GOAL OF THE EXERCISE: Without any images, write the listing below out word for word.

SOURCE DATA:
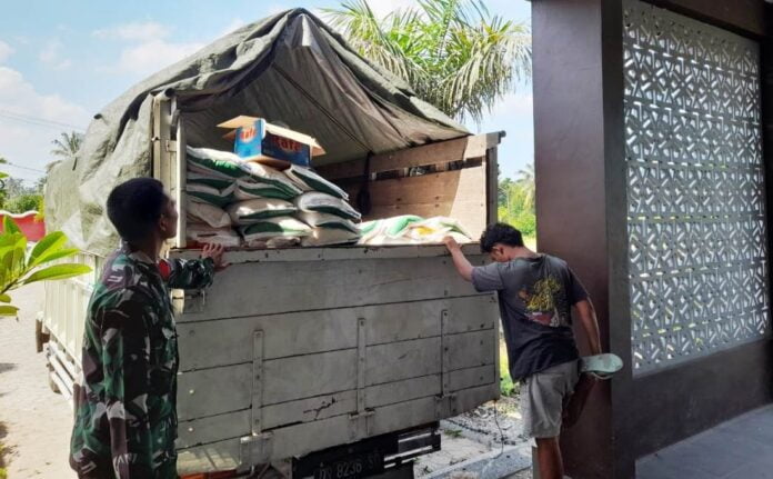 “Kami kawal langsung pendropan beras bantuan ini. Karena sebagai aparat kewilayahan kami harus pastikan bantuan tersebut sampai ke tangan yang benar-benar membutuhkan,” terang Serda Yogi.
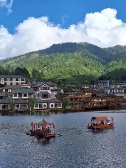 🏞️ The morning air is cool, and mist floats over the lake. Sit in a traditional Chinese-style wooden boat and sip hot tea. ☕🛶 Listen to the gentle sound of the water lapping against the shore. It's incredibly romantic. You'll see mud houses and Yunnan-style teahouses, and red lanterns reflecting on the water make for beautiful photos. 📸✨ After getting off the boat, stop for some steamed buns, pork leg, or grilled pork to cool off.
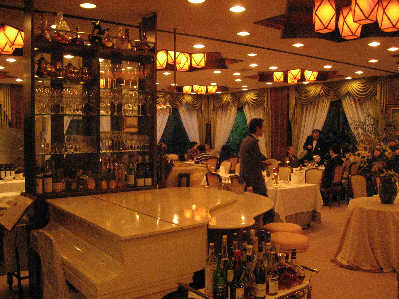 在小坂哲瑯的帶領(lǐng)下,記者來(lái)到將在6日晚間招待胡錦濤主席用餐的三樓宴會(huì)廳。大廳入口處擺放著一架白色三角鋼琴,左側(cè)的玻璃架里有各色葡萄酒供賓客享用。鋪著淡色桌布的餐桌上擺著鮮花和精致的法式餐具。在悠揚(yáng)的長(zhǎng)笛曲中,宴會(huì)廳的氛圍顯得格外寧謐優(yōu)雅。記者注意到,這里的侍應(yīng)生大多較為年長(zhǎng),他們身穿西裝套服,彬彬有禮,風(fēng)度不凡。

EXERCISE SOLUTION:
 “Kami kawal langsung pendropan beras bantuan ini. Karena sebagai aparat kewilayahan kami harus pastikan bantuan tersebut sampai ke tangan yang benar-benar membutuhkan,” terang Serda Yogi.
 🏞️ The morning air is cool, and mist floats over the lake. Sit in a traditional Chinese-style wooden boat and sip hot tea. ☕🛶 Listen to the gentle sound of the water lapping against the shore. It's incredibly romantic. You'll see mud houses and Yunnan-style teahouses, and red lanterns reflecting on the water make for beautiful photos. 📸✨ After getting off the boat, stop for some steamed buns, pork leg, or grilled pork to cool off.
 在小坂哲瑯的帶領(lǐng)下,記者來(lái)到將在6日晚間招待胡錦濤主席用餐的三樓宴會(huì)廳。大廳入口處擺放著一架白色三角鋼琴,左側(cè)的玻璃架里有各色葡萄酒供賓客享用。鋪著淡色桌布的餐桌上擺著鮮花和精致的法式餐具。在悠揚(yáng)的長(zhǎng)笛曲中,宴會(huì)廳的氛圍顯得格外寧謐優(yōu)雅。記者注意到,這里的侍應(yīng)生大多較為年長(zhǎng),他們身穿西裝套服,彬彬有禮,風(fēng)度不凡。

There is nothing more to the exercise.